The company operates through the legacy patent licensing activities, cancer therapeutics and cancer diagnostics segments. The cancer therapeutics segment is engaged in the provision of CAR-T (chimeric antigen receptor T-cell) based immune-therapy drugs which modify a patient’s immune cells to fight cancer. On the other hand, the cancer diagnostics segment is involved in the development of non-invasive and inexpensive blood tests that can be used to detect solid tumors early, dubbed the CchekTM platform, which has been based on the immunity system’s response to a malignancy.

The enterprise’s programs include CAR-T tech that has been developed to treat ovarian cancer and anti-viral drug formulations to treat the coronavirus.

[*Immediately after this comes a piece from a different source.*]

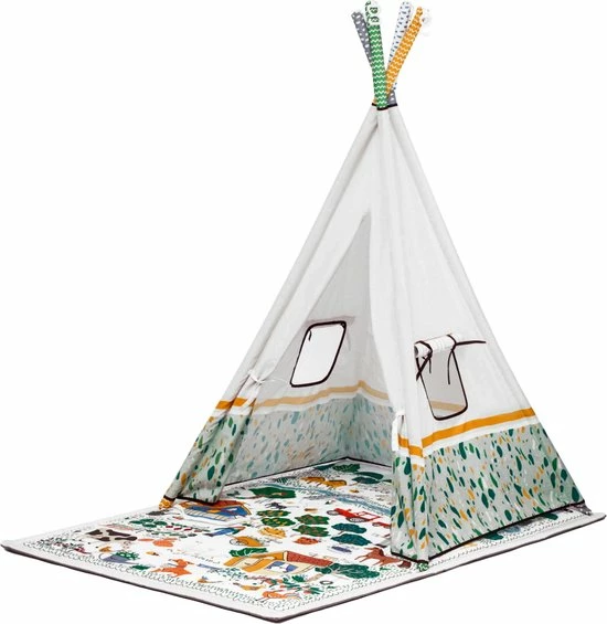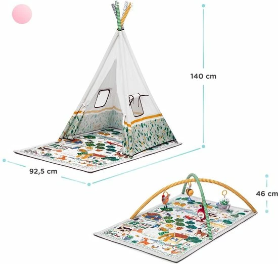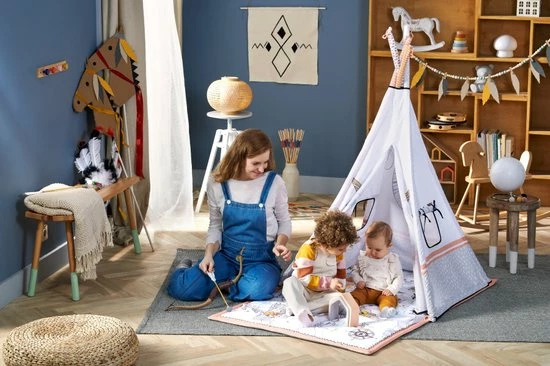 - de tent met twee vensters stimuleert de fantasie en moedigt het kleintje aan om te spelen, zodat er samen met de ouder gespeeld kan worden.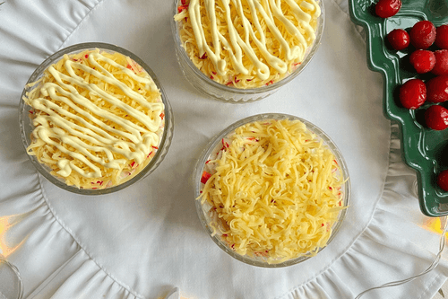 Для следующего слоя сыр натереть на мелкой терке, выложить на крабовые палочки и сделать сеточку из майонеза. Для последнего слоя желтки натереть на мелкой терке или размять вилкой. Посыпать ими сырный слой. Украсить салат по вкусу.

Its vaccine programs comprise of a vaccine against ovarian cancer and another against triple negative breast cancer.

The firm’s compounds have been found to be more effective against the Delta variant, which is behind the fourth wave of the coronavirus pandemic. While more tests are needed to prove its complete efficacy, the compound may soon be used in the manufacture of drugs or a vaccine for this fatal coronavirus strain, which addresses a significantly unmet need and will be good for investments into the firm.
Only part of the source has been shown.